*ASSIGNED TASK*. The line that contains "- Sleek Design: This" marks the start. Please set it down, with every later line of the data, exactly and without pictures.

*** Opening DATASET EXCERPT ***

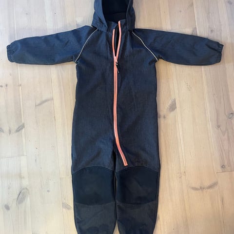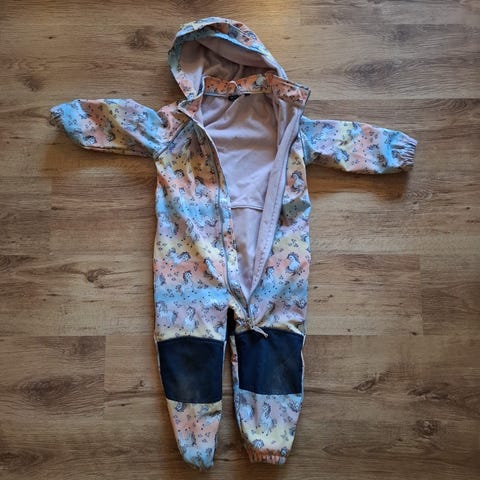 Haalari on mukava päällä, helppo pukea ja sopii erinomaisesti ulkoiluun, leikkeihin ja päiväkotiin. Materiaali on kestävää ja likaa hylkivää, joten haalari säilyy hyvännäköisenä pitkään. Vetoketjut, kumilenksut ja saumat ovat ehjät, eikä haalarissa ole reikiä tai tahroja, vain pientä kulumaa polven saumoissa.
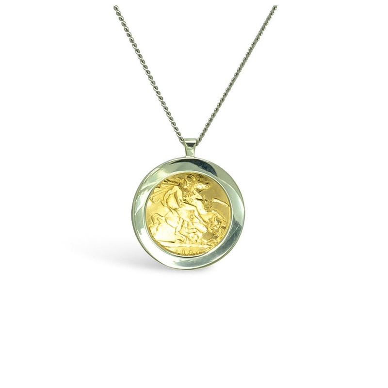 - Sleek Design: This Chunky White Gold Sovereign Mount Pendant features a sleek and modern coin mount, in white gold, designed to beautifully frame and enhance the appearance of your gold sovereign or other coin.
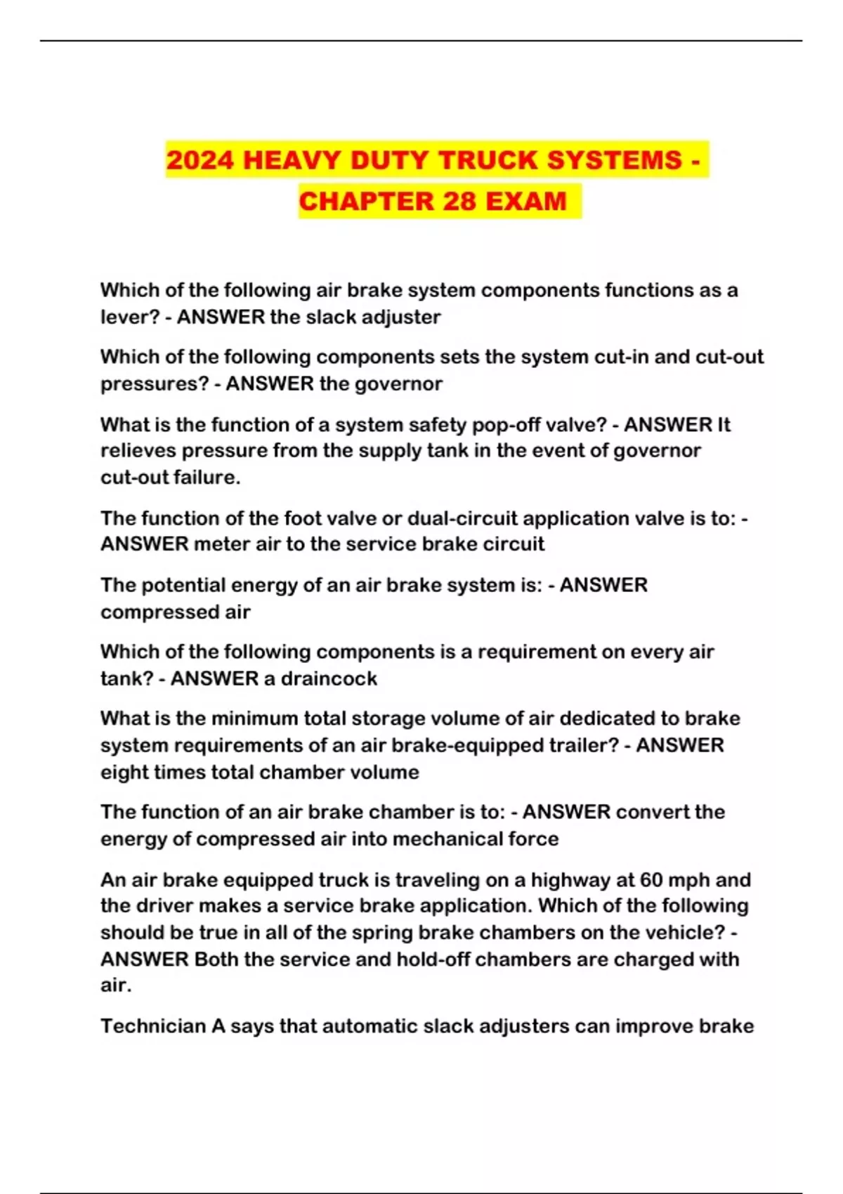 2024 HEAVY DUTY TRUCK SYSTEMS - CHAPTER 28 EXAM ...

*** Closing DATASET EXCERPT ***

*ANSWER SECTION*.
 - Sleek Design: This Chunky White Gold Sovereign Mount Pendant features a sleek and modern coin mount, in white gold, designed to beautifully frame and enhance the appearance of your gold sovereign or other coin.
 2024 HEAVY DUTY TRUCK SYSTEMS - CHAPTER 28 EXAM ...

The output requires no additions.